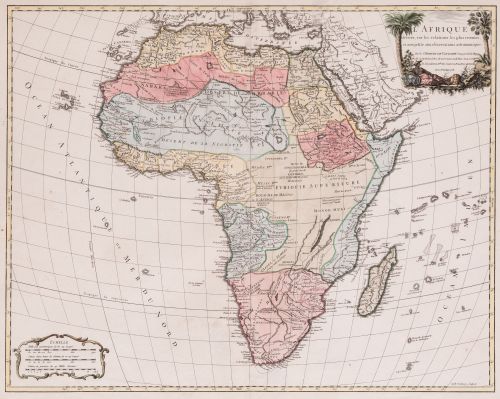 Título, autor, privilegio y año, en cartela grabada por Gobin: figura femenina recostada entre palmeras, león y elefante.
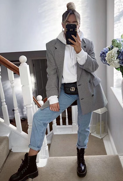 In this set of combinations, if we want to have a more street-like feel, we need to have certain casual elements in our outfits. A white hooded sweatshirt, paired with flesh-covering denim wide-leg pants, presents a casual posture, and the design of a waist bag is superimposed to make the trendy atmosphere more intense.The suit jacket with elegant small plaid design can easily have a fashionable street effect.
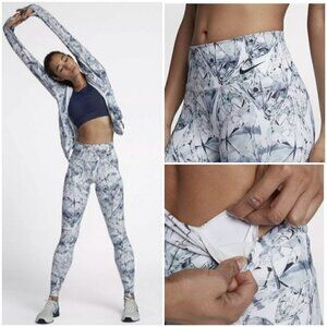 Nike Power Dri-Fit diamond print training tights leggings white with blue / gray design

## What is needed
Leaving out the pictures, reproduce the whole listing above exactly.

## Task solution
 Título, autor, privilegio y año, en cartela grabada por Gobin: figura femenina recostada entre palmeras, león y elefante.
 In this set of combinations, if we want to have a more street-like feel, we need to have certain casual elements in our outfits. A white hooded sweatshirt, paired with flesh-covering denim wide-leg pants, presents a casual posture, and the design of a waist bag is superimposed to make the trendy atmosphere more intense.The suit jacket with elegant small plaid design can easily have a fashionable street effect.
 Nike Power Dri-Fit diamond print training tights leggings white with blue / gray design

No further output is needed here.